═════ THE INPUT ═════

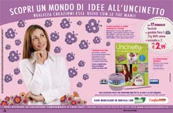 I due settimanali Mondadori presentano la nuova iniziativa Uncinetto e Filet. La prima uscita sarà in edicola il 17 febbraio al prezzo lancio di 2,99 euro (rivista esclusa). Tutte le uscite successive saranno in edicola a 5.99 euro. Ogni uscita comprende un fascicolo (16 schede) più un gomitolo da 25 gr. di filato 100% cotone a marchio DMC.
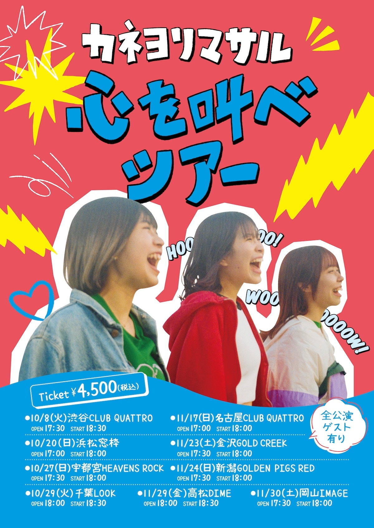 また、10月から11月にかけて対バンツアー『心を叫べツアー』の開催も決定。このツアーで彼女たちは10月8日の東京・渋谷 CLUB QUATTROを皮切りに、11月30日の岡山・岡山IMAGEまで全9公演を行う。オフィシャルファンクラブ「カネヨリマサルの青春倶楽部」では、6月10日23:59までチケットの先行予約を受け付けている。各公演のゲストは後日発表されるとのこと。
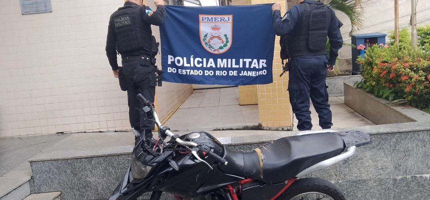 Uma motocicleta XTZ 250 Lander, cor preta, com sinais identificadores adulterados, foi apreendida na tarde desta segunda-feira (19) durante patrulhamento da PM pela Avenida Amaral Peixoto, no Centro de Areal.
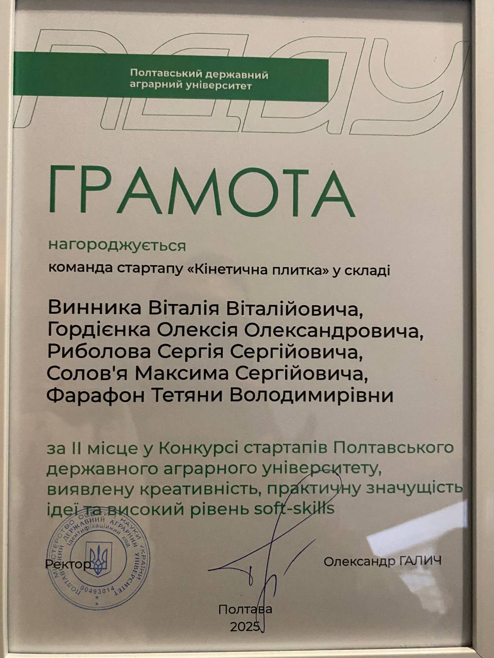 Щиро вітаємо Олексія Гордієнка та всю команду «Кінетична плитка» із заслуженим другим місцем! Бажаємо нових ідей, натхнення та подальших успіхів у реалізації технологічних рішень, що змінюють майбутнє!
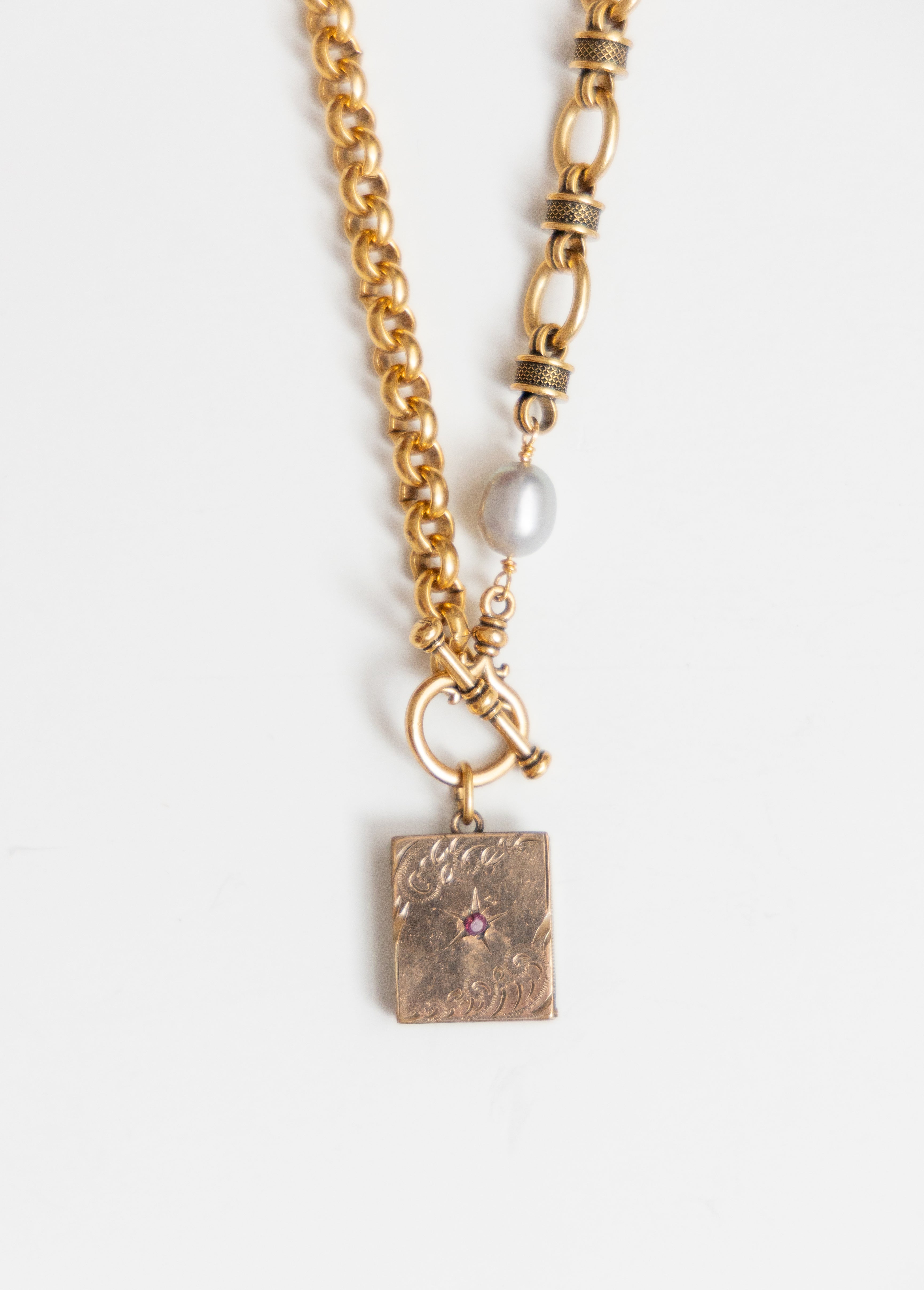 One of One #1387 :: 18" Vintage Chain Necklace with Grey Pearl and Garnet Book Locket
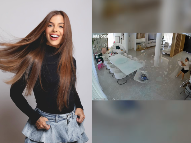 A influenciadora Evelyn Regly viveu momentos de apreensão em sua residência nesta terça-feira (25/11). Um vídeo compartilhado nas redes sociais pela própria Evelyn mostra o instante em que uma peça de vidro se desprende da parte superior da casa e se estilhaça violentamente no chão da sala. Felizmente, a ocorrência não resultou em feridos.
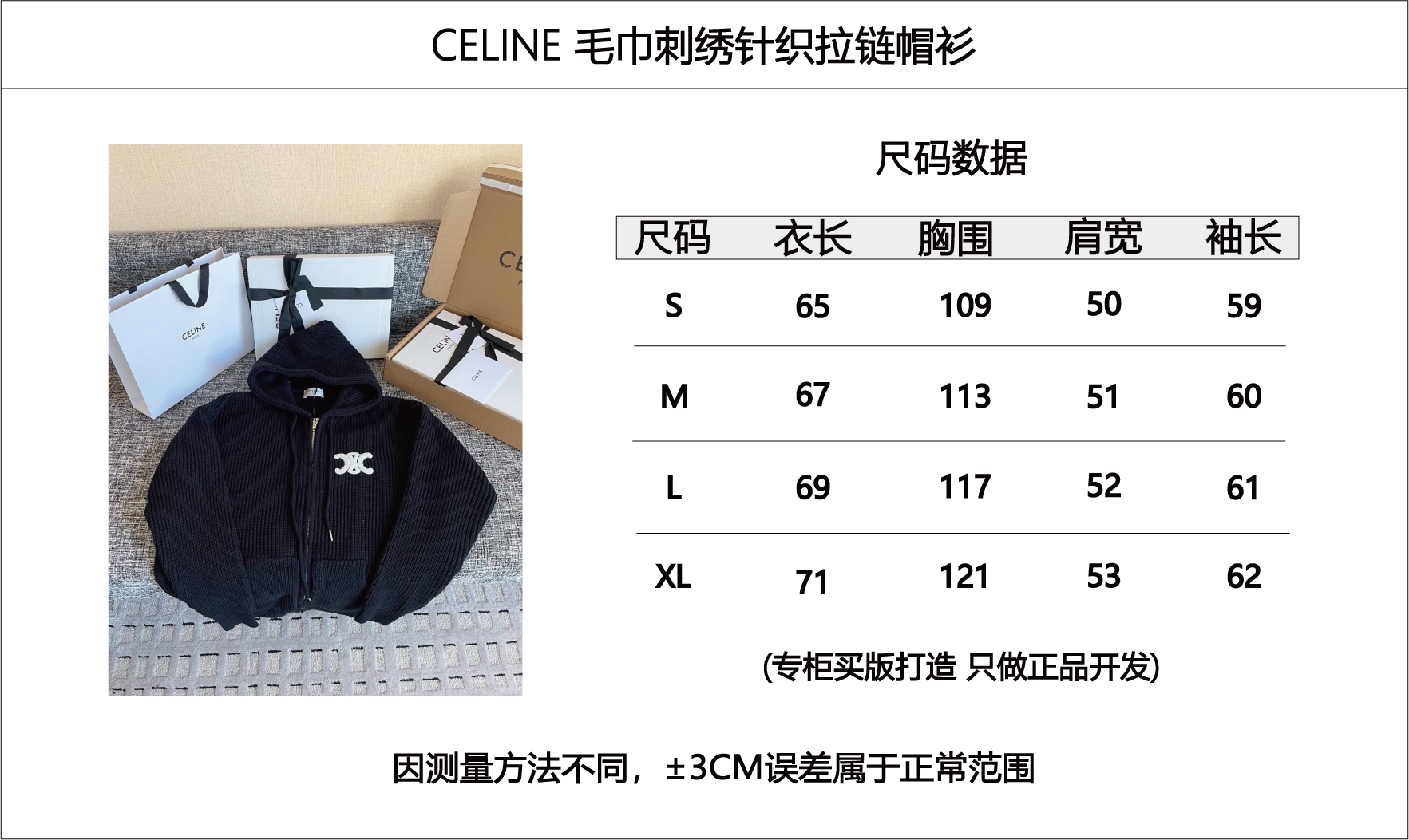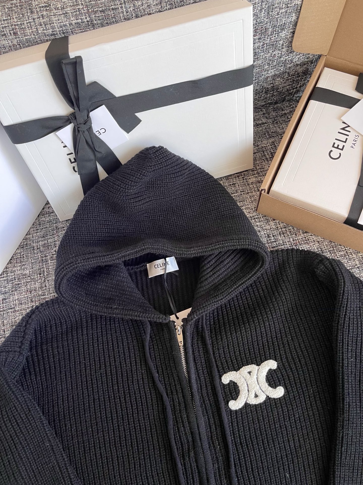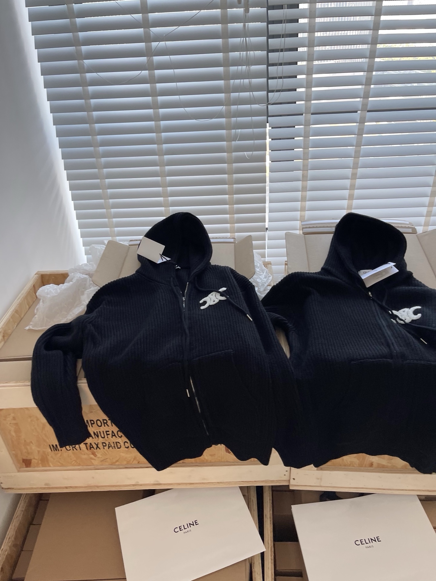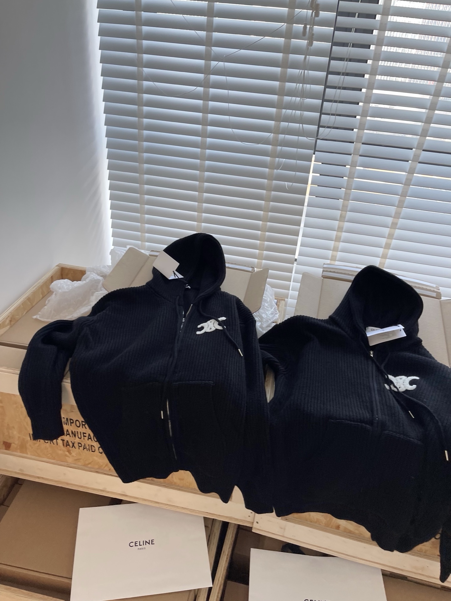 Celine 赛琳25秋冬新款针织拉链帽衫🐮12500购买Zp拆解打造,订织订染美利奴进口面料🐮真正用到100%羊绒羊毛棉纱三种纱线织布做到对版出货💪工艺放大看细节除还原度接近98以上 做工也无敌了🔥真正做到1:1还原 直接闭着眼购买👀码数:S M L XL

═════

PROBLEM STATEMENT: Everything above should be given again exactly, apart from the pictures.

WRITTEN REPLY:
 I due settimanali Mondadori presentano la nuova iniziativa Uncinetto e Filet. La prima uscita sarà in edicola il 17 febbraio al prezzo lancio di 2,99 euro (rivista esclusa). Tutte le uscite successive saranno in edicola a 5.99 euro. Ogni uscita comprende un fascicolo (16 schede) più un gomitolo da 25 gr. di filato 100% cotone a marchio DMC.
 また、10月から11月にかけて対バンツアー『心を叫べツアー』の開催も決定。このツアーで彼女たちは10月8日の東京・渋谷 CLUB QUATTROを皮切りに、11月30日の岡山・岡山IMAGEまで全9公演を行う。オフィシャルファンクラブ「カネヨリマサルの青春倶楽部」では、6月10日23:59までチケットの先行予約を受け付けている。各公演のゲストは後日発表されるとのこと。
 Uma motocicleta XTZ 250 Lander, cor preta, com sinais identificadores adulterados, foi apreendida na tarde desta segunda-feira (19) durante patrulhamento da PM pela Avenida Amaral Peixoto, no Centro de Areal.
 Щиро вітаємо Олексія Гордієнка та всю команду «Кінетична плитка» із заслуженим другим місцем! Бажаємо нових ідей, натхнення та подальших успіхів у реалізації технологічних рішень, що змінюють майбутнє!
 One of One #1387 :: 18" Vintage Chain Necklace with Grey Pearl and Garnet Book Locket
 A influenciadora Evelyn Regly viveu momentos de apreensão em sua residência nesta terça-feira (25/11). Um vídeo compartilhado nas redes sociais pela própria Evelyn mostra o instante em que uma peça de vidro se desprende da parte superior da casa e se estilhaça violentamente no chão da sala. Felizmente, a ocorrência não resultou em feridos.
 Celine 赛琳25秋冬新款针织拉链帽衫🐮12500购买Zp拆解打造,订织订染美利奴进口面料🐮真正用到100%羊绒羊毛棉纱三种纱线织布做到对版出货💪工艺放大看细节除还原度接近98以上 做工也无敌了🔥真正做到1:1还原 直接闭着眼购买👀码数:S M L XL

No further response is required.